2009-04-22

Excellent Article on Inflation & the Financial Boom

Too many people fall for simple stories of good and evil, to the detriment of economic understanding. Gerard Jackson dispels the myths in Someone Tell Obama: Americans Did Not Cause the Financial Crisis, the World's Central Banks Did. He confronts the Simon Johnson article in The Atlantic which places the blame for the crisis on a sinister cabal of bankers and politicians, and turns our focus to the Federal Reserve. One can't get a full grasp of the article without reading it, but here's an important part:
That Mr Johnson thinks these charts reveal something new and sinister is just a reminder of how ignorant and intellectually narrow-minded journalists can be. Roundabout 1734 Richard Cantillon wrote Essay on the Nature of Commerce in General in which he explained how inflation changes the pattern of production and incomes. The effect of inflation on the financial sector was noted in the French inflation that by 1720 had wrecked the currency. The South Bubble of 1720 was another example.
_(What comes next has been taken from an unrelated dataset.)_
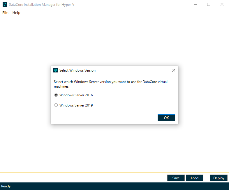 - Select Windows Server 2016 or Windows Server 2019 and click OK.
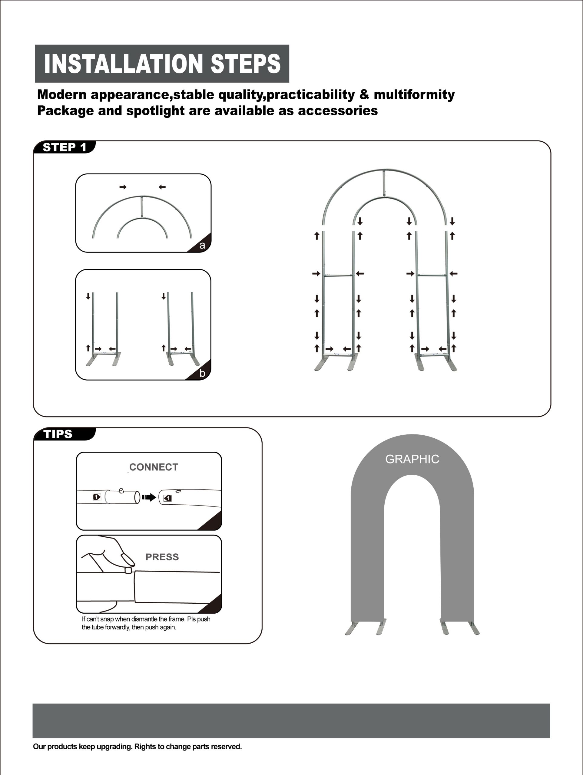 - Package includes:1.One sets arch 2Black storage bags 3.Instructions

What we find is that not only do the number of purely financial transactions rise but a number of new financial activities and intermediaries also emerge. It becomes apparent that inflation creates financial imbalances that involve transferring wealth from one group of people to another group at the expense of wealth creation. As these financial dealings expand more labour is demanded. The Wiemar inflation provides a graphic example of this process. From 1913 to the autumn of 1923 the number of bank employees jumped from 100,000 in 1913 to 375,000 in autumn 1923.
An uncomfortable truth for those expecting to print their way out of this crisis.